Chronic pain is a major comorbidity of sickle cell disease (SCD). Acupuncture, a non-opioid and non-addictive therapy to treat pain, was found to reduce pain in the majority (80%) of SCD patients in an earlier retrospective review. We observed that electroacupuncture (EA) decreased hyperalgesia in transgenic mice with SCD with varied analgesia from high to moderate to no response. Interestingly, poor responders exhibited high levels of substance P (SP), a mediator of chronic pain, as well as active p38 MAPK in spinal cords. The present study aimed to investigate the roles of inhibition of SP and SP-activated p38 MAPK in chronic pain in sickle mice that are poorly responsive to EA intervention (moderate/non-responders). Humanized mouse model with SCD defined as moderate- and non-responders to EA were intraperitoneally administered with antagonist of SP receptor NK1R (netupitant, 10 mg/kg/day, i.p.) or p38 MAPK inhibitor (SB203580, 10 mg/kg/day, i.p.) alone or in combination with EA (acupoint GB30, every 3rd day until day 12). Hyperalgesia to mechanical, thermal and cold stimuli, as well as deep tissue were measured. Phosphorylated p38 MAPK (phospho-p38 MAPK) in the lumbar spinal cord was quantified using western blotting. Phospho-p38 MAPK nuclear translocation in spinal dorsal horn was examined using immunohistochemical staining and confocal microscopy. In EA poor-responders, combined treatment with EA and netupitant significantly enhanced the analgesic effects of EA in poor-responders on mechanical, heat, cold, and deep tissue pain, and decreased phosphorylation of p38 MAPK in lumbar spinal cords and its nuclear translocation in the spinal dorsal horn. Furthermore, combined treatment with EA and SB203580 significantly improved analgesic effects of EA on mechanical and heat hyperalgesia, but not cold or deep tissue hyperalgesia. However, additional EA treatment only, or administration of either netupitant or SB203580 alone did not lead to analgesic effects. These results suggest a pivotal role of SP in maintaining the chronic pain in SCD via spinal phospho-p38 MAPK signaling, which may hinder the effect of EA in poor responders. Inhibition of SP signaling pathway or activity of p38 MAPK significantly improved the EA analgesia In EA poor-responders with SCD, which provides a promising way to treat the chronic pain in patients with SCD.
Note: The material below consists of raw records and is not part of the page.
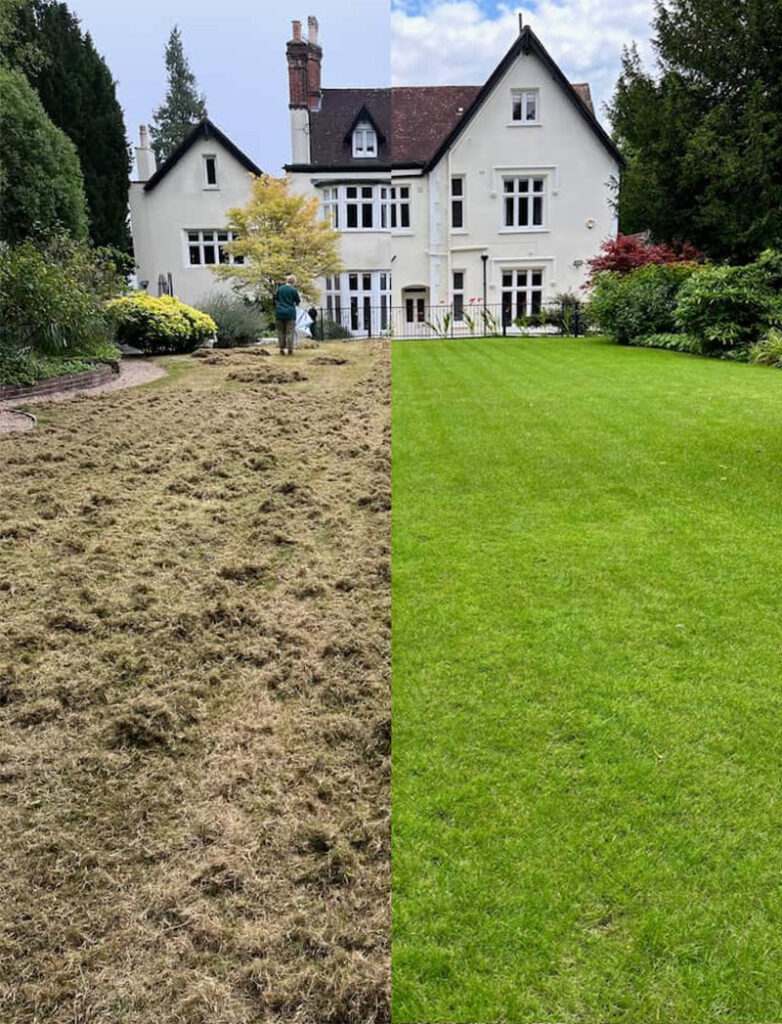 Professional lawn renovation treatments typically include removing moss and heavy thatch build-up, deep scarification to clear dead material, lawn aeration to relieve soil compaction, overseeding with high-quality grass seed, and specialist lawn feeding to support recovery. Together, these processes improve soil structure, encourage stronger root development, and create the ideal conditions for new, healthy, and resilient grass growth.
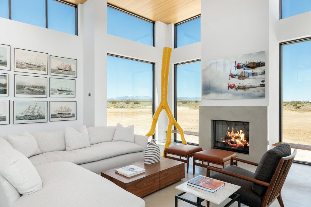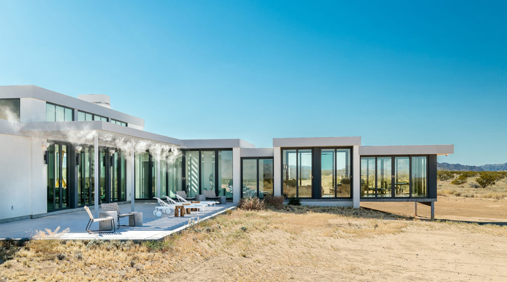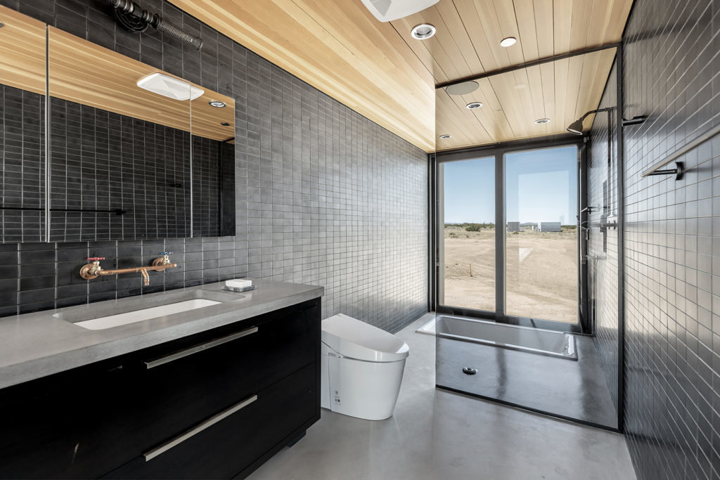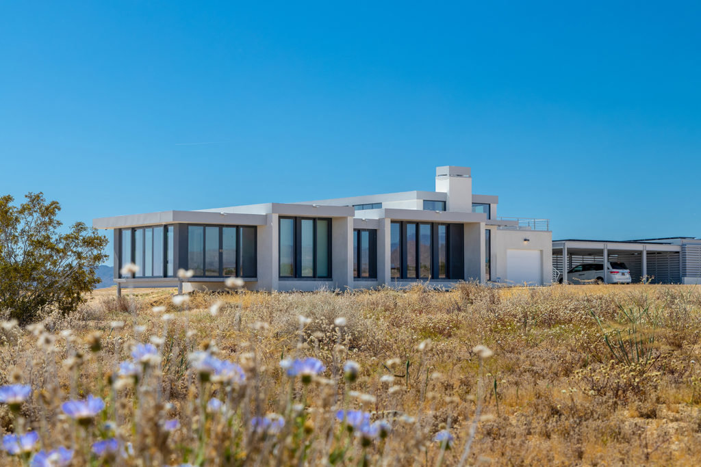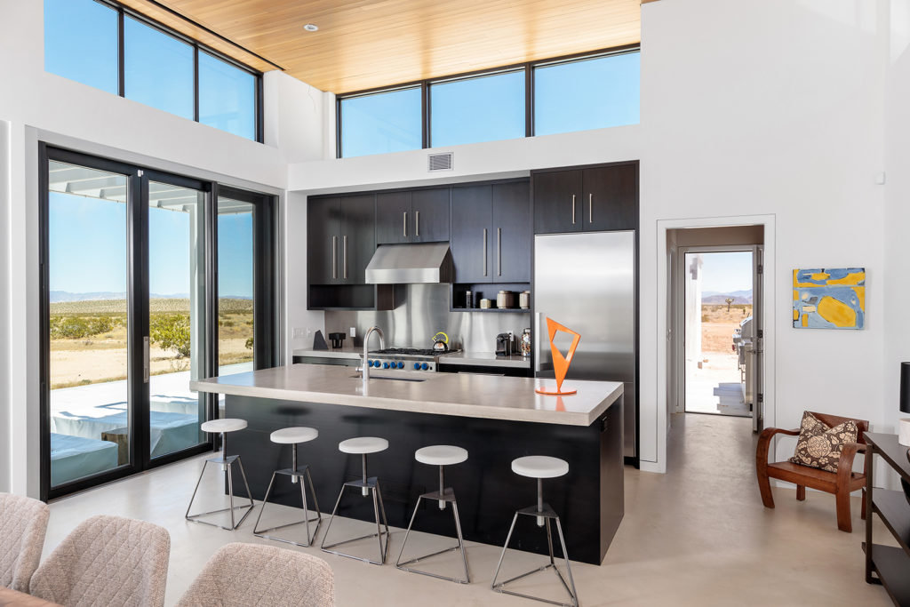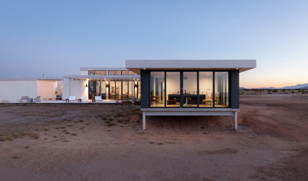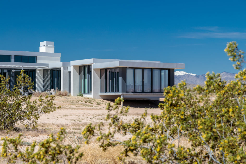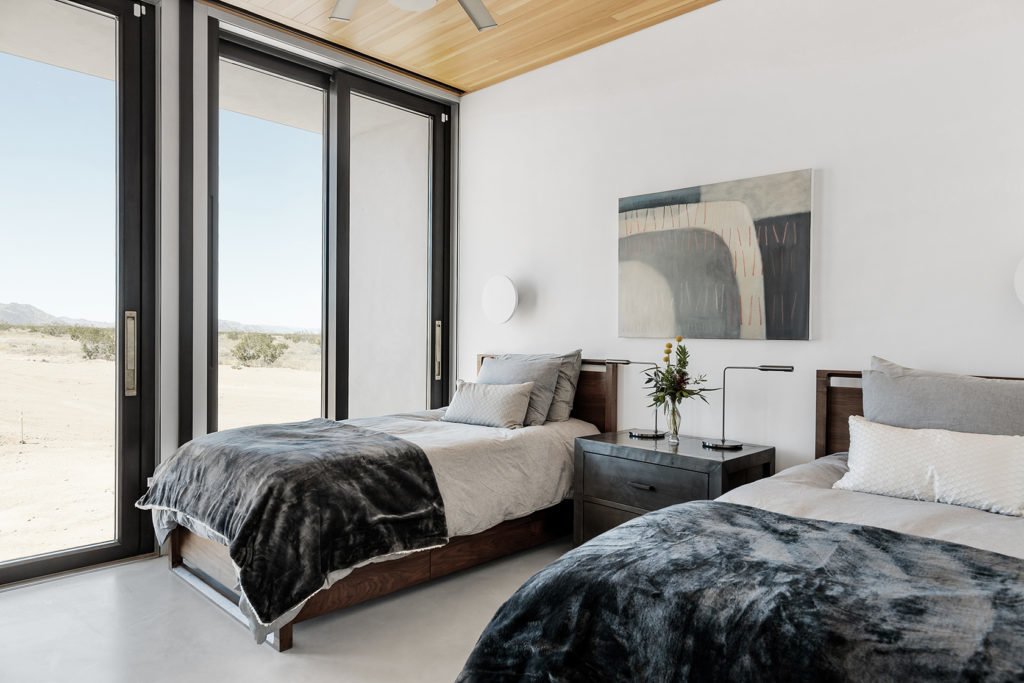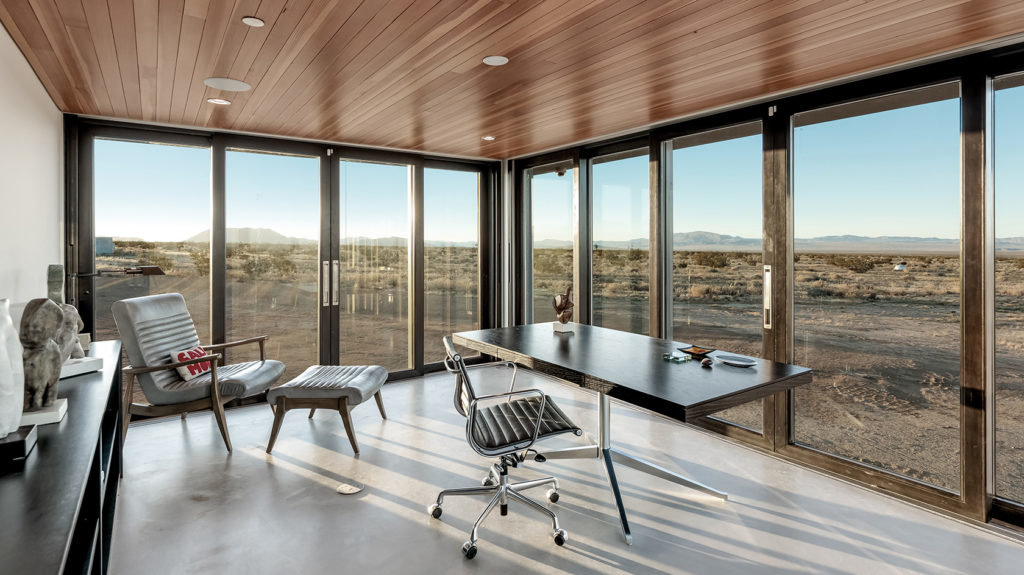The Joshua Tree Desert Retreat sits on a sandy plot. Inside, you’ll find an office area that cantilevers over a natural slope, propped up thanks to a foundation of stilts. Glazed windows that span from the floor to the ceiling let light in, and also offer a spectacular panoramic view of the mountain landscape enveloping the house. The concrete facade offers protection from the harsh sun and wind.
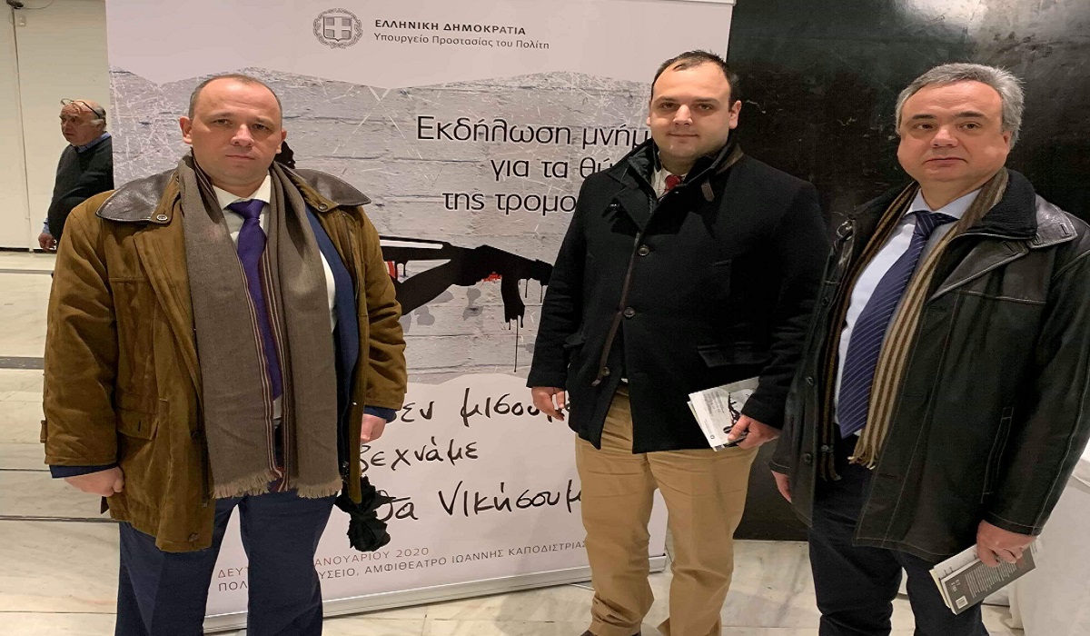 Τη Δευτέρα 20 Ιανουαρίου 2020, ο Πρόεδρος και αντιπροσωπεία του Δ.Σ. της Ομοσπονδίας μας, παρευρέθηκαν στην εκδήλωση μνήμης για τα θύματα της τρομοκρατίας.
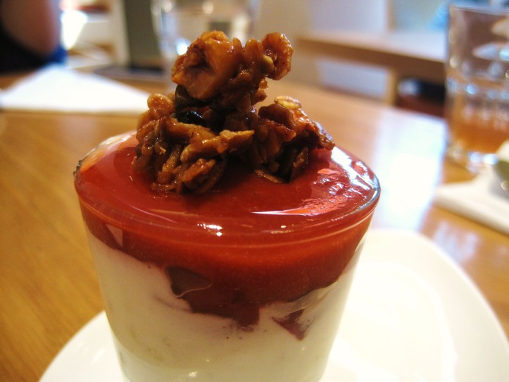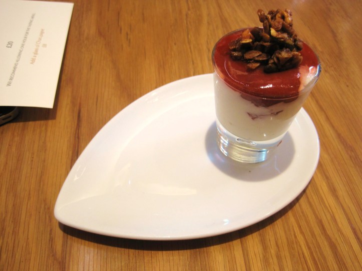 The third course was quintessentially British pudding — “Vanilla Rice Pudding” was layered with a tangy rhubarb compote, cubes of light-as-air elderflower jelly and a granola knob. These Dessert Correspondents quite liked it, but our dining companion struggled to distinguish it from say, a breakfast yogurt pot. Oops!
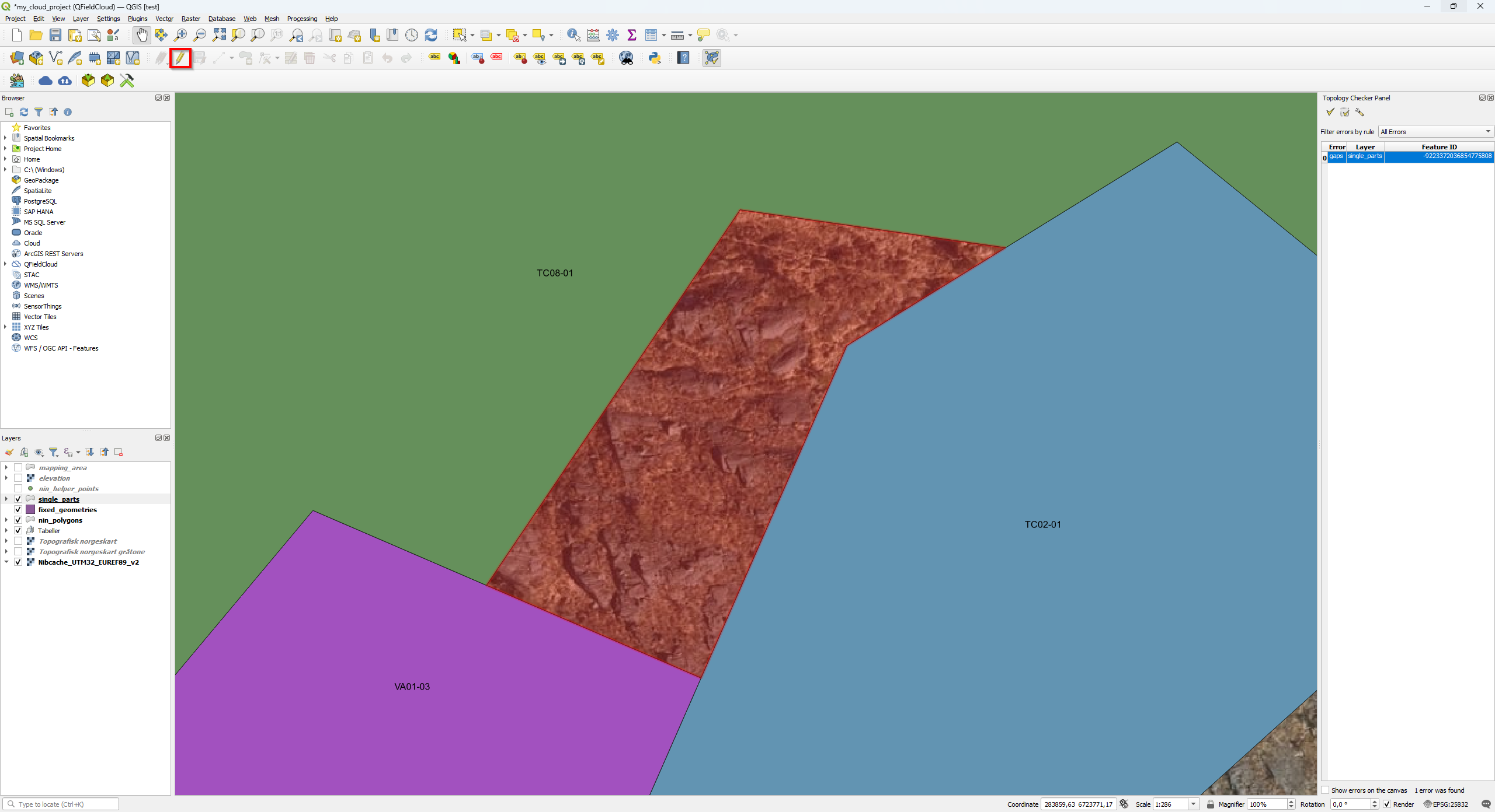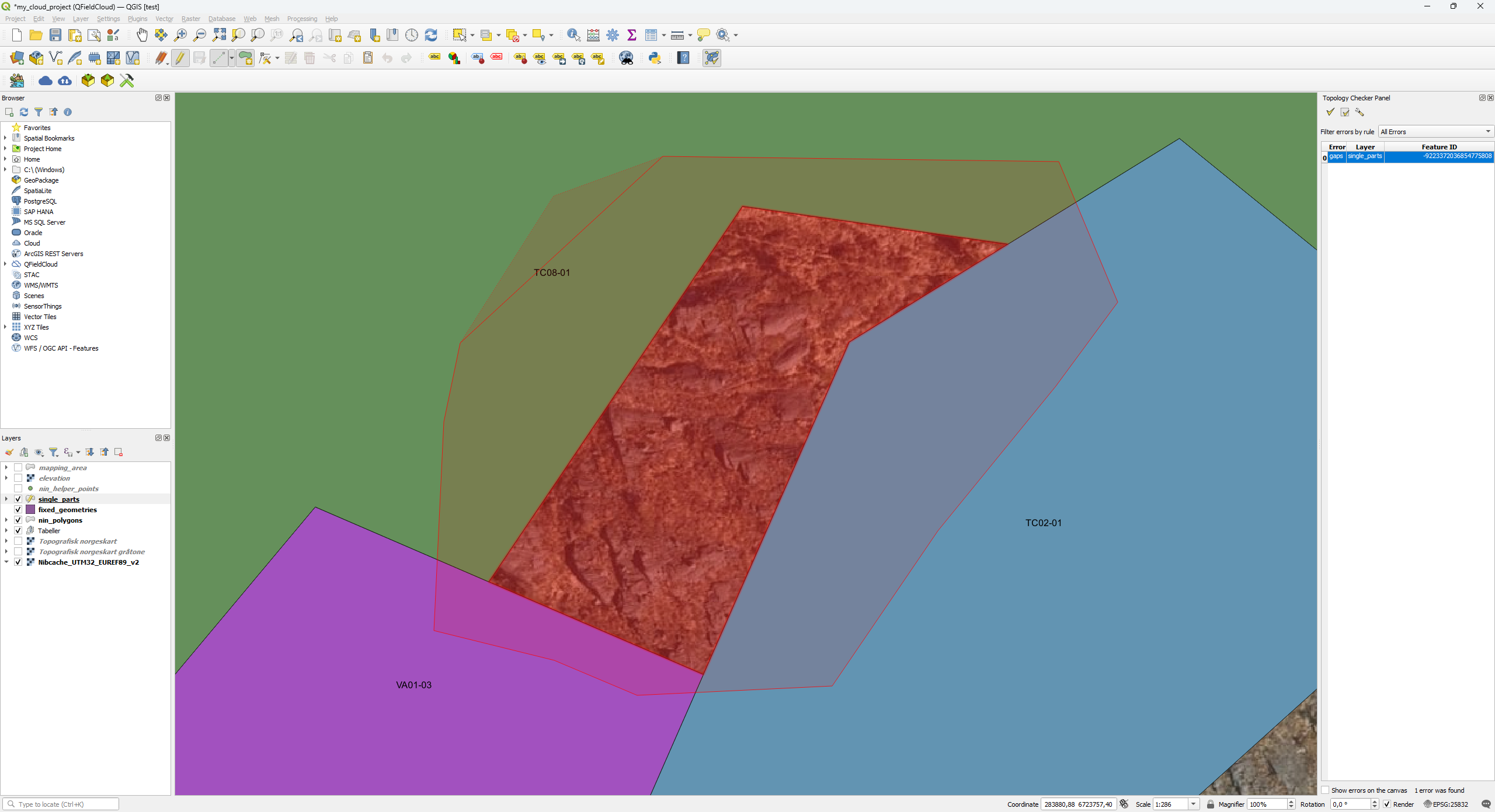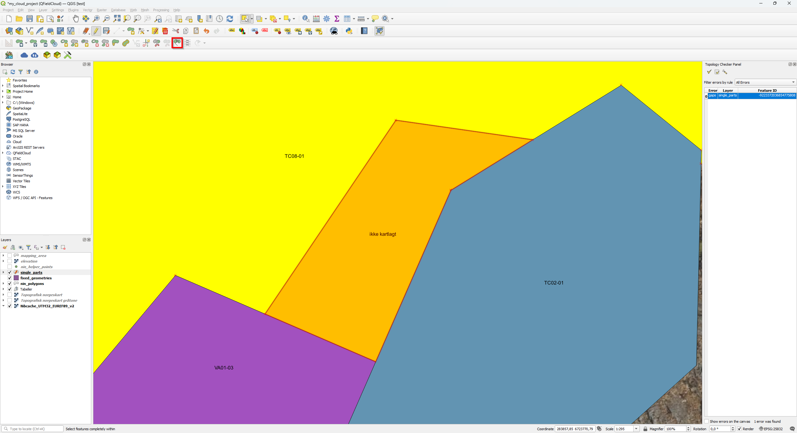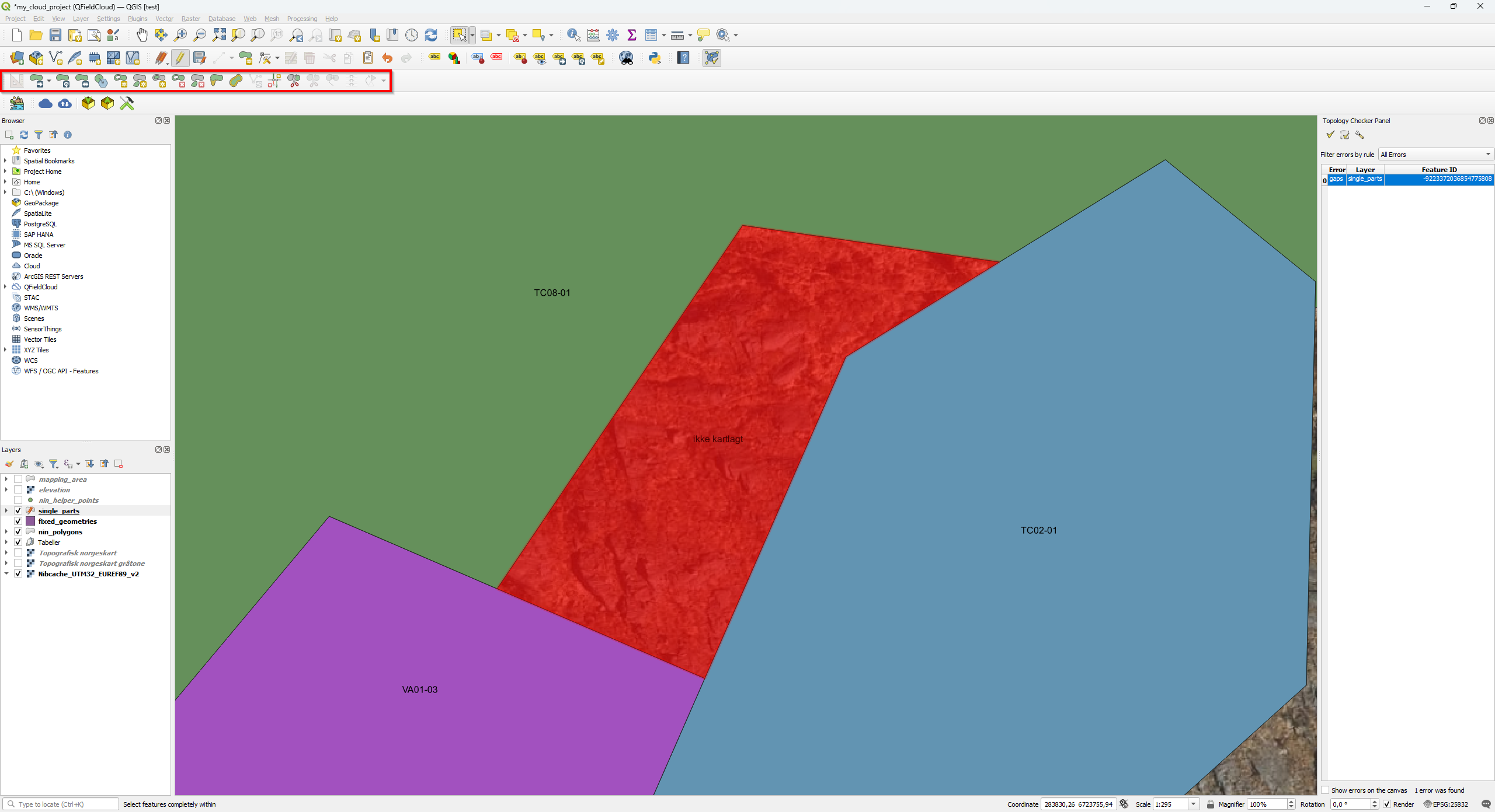 Under kartlegging kan det oppstå topologifeil når polygonene utfigureres. Dette kan føre til følgefeil om man vil bruke kartet i analyser i etterkant av feltarbeidet. I bildet nedenfor er det vist et utvalg av topologifeil:
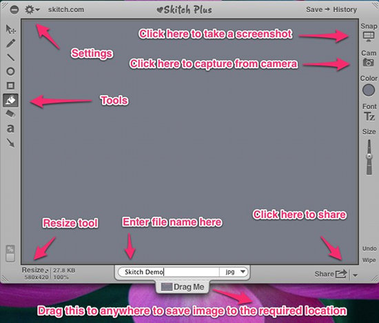 This free screen capture software for Mac has been quiet popular from the day it came out, recently this application has been acquired by Evernote, this just proves the popularity of this software. This application is also available for other platforms like Android and iOS devices. This free screenshot tool for Mac makes it amazingly easy to draw shapes, points, lines, and add watermark to an image. Here in the screen shot below, you can see a silly example I have created using Skitch for Mac.
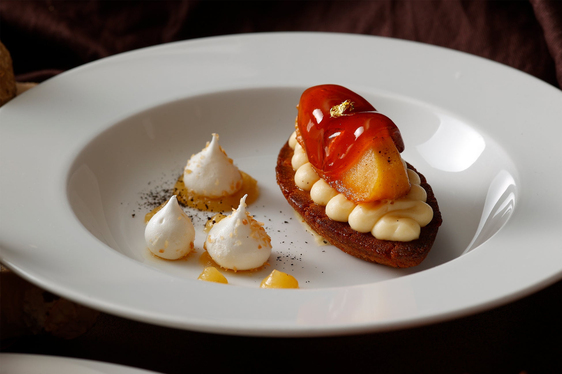 アーモンドの香ばしさとマスカルポーネ、洋梨のコンポート、紅茶のゼリーが重なりあう絶妙なハーモニーをお楽しみいただけます。
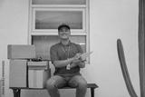 Excited Young Asian Delivery Man Posing With Writing On Clipboard And Sitting While Looking At Camera
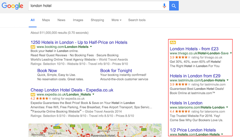 Well for regular users, the right-hand space will still be utilised for Product Listing Ads (PLAs) as well as Knowledge Graph Boxes, so you probably won’t notice much of a difference there. However the continual ‘pushing down’ of organic listings will certainly be an issue for many of us.

慢性疼痛是镰状细胞病(SCD)的一种主要合并症。针灸是一种治疗疼痛的非阿片类且无成瘾性的疗法,在早期一项回顾性研究中发现,它能减轻大多数(80%)SCD患者的疼痛。我们观察到,电针(EA)可减轻SCD转基因小鼠的痛觉过敏,镇痛效果从高到中再到无反应各不相同。有趣的是,反应较差的小鼠脊髓中显示出高水平的P物质(SP),这是一种慢性疼痛介质,同时还有活性p38丝裂原活化蛋白激酶(MAPK)。本研究旨在探究抑制SP以及SP激活的p38 MAPK在对EA干预反应较差(中度/无反应)的镰状小鼠慢性疼痛中的作用。将被定义为对EA中度和无反应的SCD人源化小鼠模型腹腔注射SP受体NK1R拮抗剂(奈妥吡坦,10毫克/千克/天,腹腔注射)或p38 MAPK抑制剂(SB203580,10毫克/千克/天,腹腔注射),单独使用或与EA联合使用(针刺穴位GB30,每3天一次,直至第12天)。测量对机械、热和冷刺激以及深部组织的痛觉过敏情况。使用蛋白质印迹法对腰脊髓中磷酸化的p38 MAPK(磷酸化p38 MAPK)进行定量分析。使用免疫组织化学染色和共聚焦显微镜检查脊髓背角中磷酸化p38 MAPK的核转位情况。在对EA反应较差的小鼠中,EA与奈妥吡坦联合治疗显著增强了EA对反应较差小鼠在机械、热痛、冷痛和深部组织疼痛方面的镇痛效果,并降低了腰脊髓中p38 MAPK的磷酸化及其在脊髓背角的核转位。此外,EA与SB203580联合治疗显著改善了EA对机械性和热痛觉过敏的镇痛效果,但对冷痛或深部组织痛觉过敏无效。然而,仅额外进行EA治疗,或单独给予奈妥吡坦或SB203580均未产生镇痛效果。这些结果表明,SP通过脊髓磷酸化p38 MAPK信号通路在维持SCD慢性疼痛中起关键作用,这可能会阻碍EA在反应较差小鼠中的效果。抑制SP信号通路或p38 MAPK的活性可显著改善SCD中对EA反应较差小鼠的EA镇痛效果,这为治疗SCD患者的慢性疼痛提供了一种有前景的方法。